Pleasure is all mine I enjoy doing it

Thanks, Don.

But before we part ways, I was just wondering if I could ask you one thing about my computer, since you seem to be a pretty computer-savvy kind of guy.

I know that sometimes viruses and spyware like this can sometimes hide in the System Registry, and I also know that wrongly editing the registry can cause serious problems with Windows. How can I be able to identify registry entries that are... "crucial" to my system? For example, would deleting the registry key(s) for say, some shareware program that was downloaded, possibly hurt my computer? I know that before using "regedit" one should always create a backup of the system state (with the Windows XP backup utility), incase something goes wrong. But, just to extra careful, if you have any knowledge on the subject it might be useful in potential future situations where editing the registry is necessary in order to remove a virus or whatnot.

I know that was kind of off topic, (okay, really off topic) but starting a new thread seemed kind of wasteful hahaha.
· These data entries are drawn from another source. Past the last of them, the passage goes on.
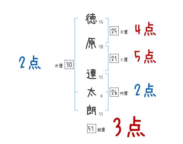 天運![]() | 徳原連太朗さんの天運は25画の4つ星!個性があり才能があふれる。強運の持ち主で発展する。 家系が持つ宿命的な運勢を表します。祖先から受け継いだ苗字ですので自分の力が及びません。家柄を象徴します。 |
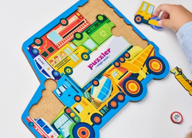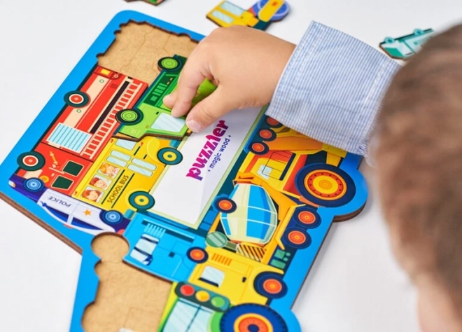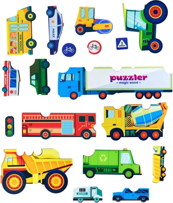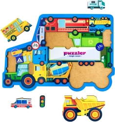Det samlede puslespil måler ca. 29 × 20,5 cm – perfekt til børnehænder og hjemmets legebord. Puslespillet er et godt valg for børn, der interesserer sig for alle slags biler, og det støtter samtidig hånd-øje-koordination og kognitiv udvikling.
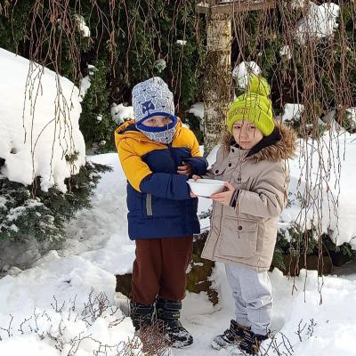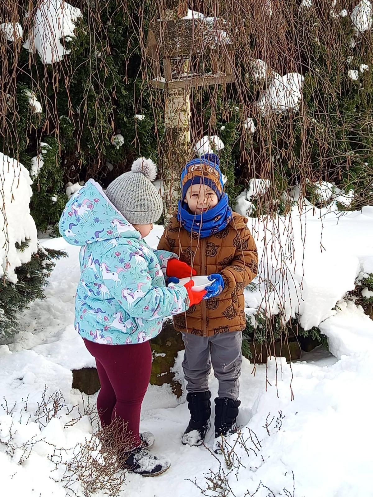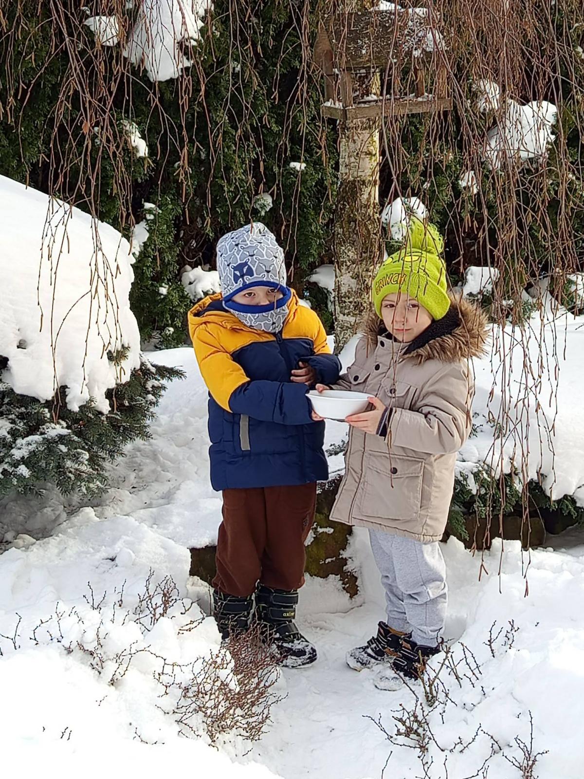 Dzisiaj najmłodsza grupa przedszkolna odbyła praktyczną lekcję przyrody pt. „Dokarmianie ptaków zimą”. Dzięki niej dzieci nauczyły się, jak dbać o ptaki w okresie zimowym, poznały znaczenie odpowiedzialności oraz zyskały poczucie, że robią coś dobrego.
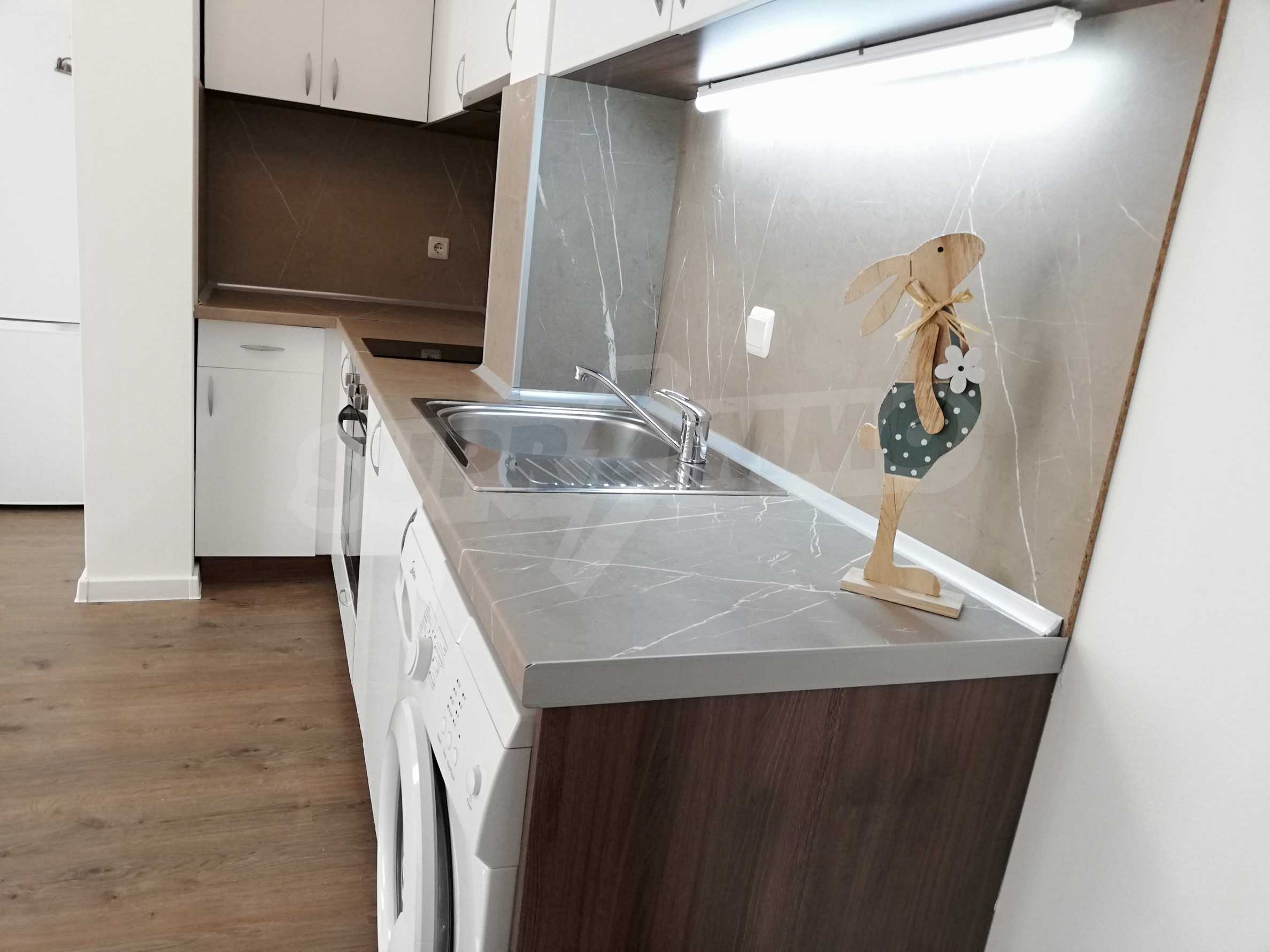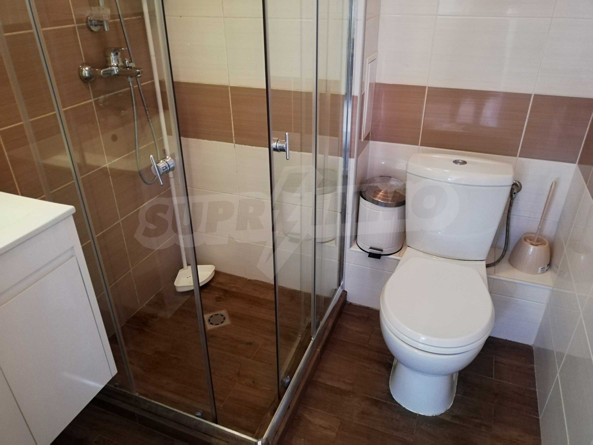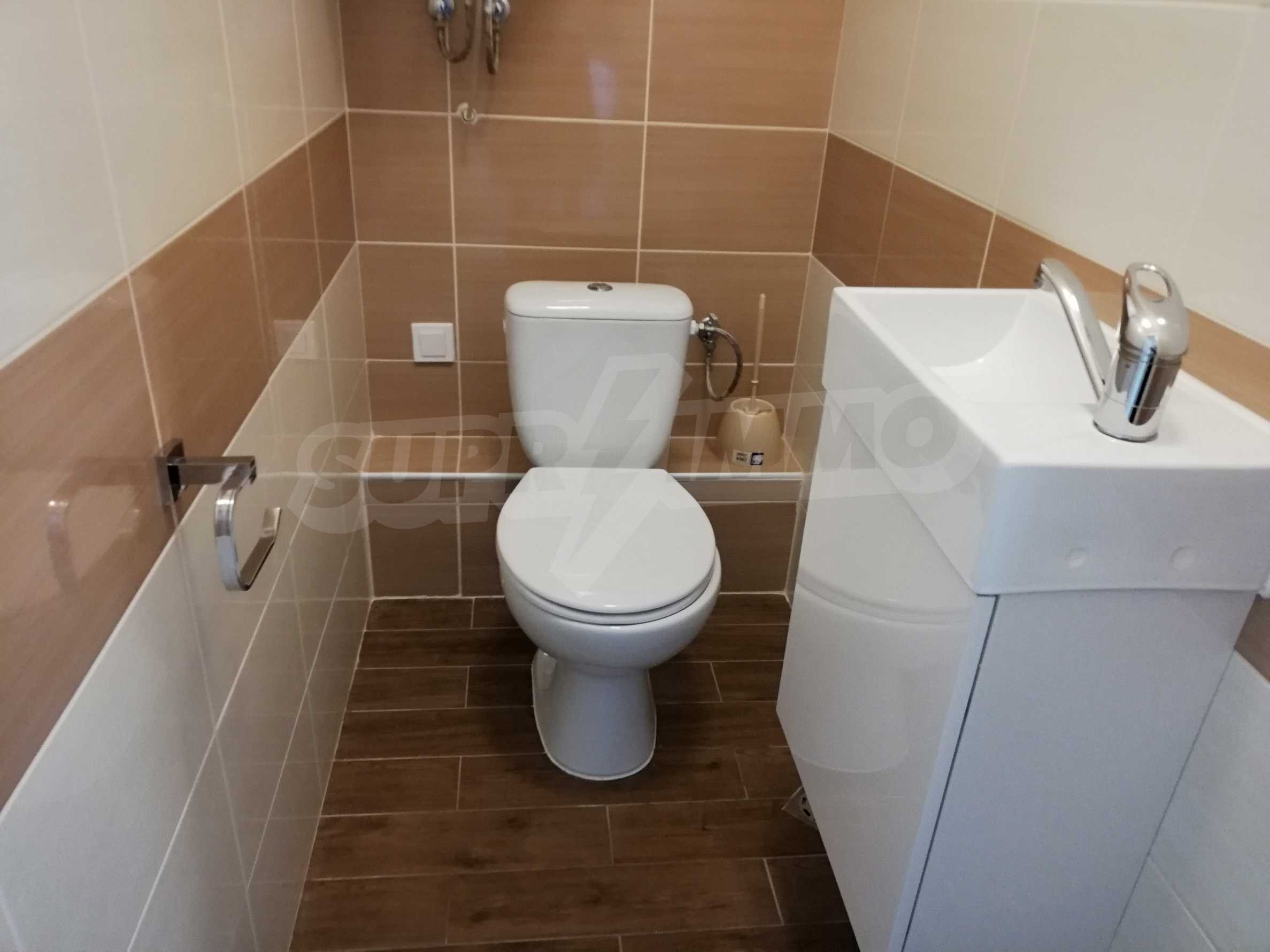 - Fully equipped bathroom: faucets, Bergsee shower system (Hungary), faience and terracotta tiles, Cersanit sanitary ware (Poland), Triano waterproof cabinets (Bulgaria).

Thanks again Don, and if registry isn't your particular cup of tea then don't worry about it.

Hi Sarge,
Not off topic at all and a very good question,,

More times than not in the event you have avirus there will typically some regediting to do, Most Anti Virus sites will tell you exactly which registry entries to remove. After cleaning up malware/spyware /adware usually a running of an updated Ad-aware will find orphaned registry keys and clean them up for you,
Backing up prior to making any changes is very important..



I thought you would hang around a while
Plenty to do and see here at A2K

Hope that helps

Thanks Don! Good info to have.

I know where to come for any future problems!